While rangers stood at the various entrance gates at the park yesterday, the park’s public relations and communications officer, William Mabasa, said contingency plans were in place to protect the park from poachers.

An estimated 240 park’s staff, the majority of whom are rangers, are striking over wage disparities, with their notice to strike saying the action would continue until such time as their demands were met. Mabasa said negotiations had deadlocked.

The issue of rhino poaching was taken to a new level as Zimbabwean artist Dolfi Stoki released a controversial painting on to the international art market to raise awareness of the plight of rhino.

The work depicts a South African R10 note, which features a rhino, but this time the rhino has its horn hacked off.

A passionate conservationist, Stoki said: “I found the idea of sitting down and painting a freshly poached rhino utterly abhorrent.

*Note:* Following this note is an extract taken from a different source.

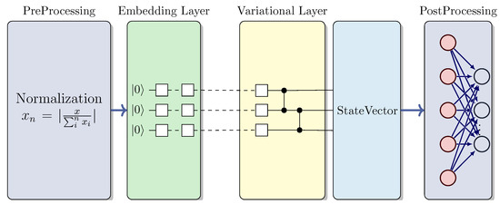 Figure 7 depicts the overall structure of a VQC. This hybrid approach involves the following stages []:

“It was only after playing with my son, who turns two in March, did the realisation hit home that the way things are going, there may not be many rhinos left in the wild. I want my son and his generation to have the privilege I had,” Stoki said of his motivation.

“Using the R10 rand note as the carrier of the message was ideal, the rhino was already there – I wanted to show people what a rhino looks like without the horn. I wanted to make a bold, powerful statement, money, blood... poaching. It is a gruesome image, and sadly it is also the reality”.

Also this week, the first heavy sentences for rhino poaching in South Africa were handed down, when three Mozambican nationals appearing in the Phalaborwa Regional Court were given 25 years after being found guilty of illegally hunting rhinos in the Kruger National Park.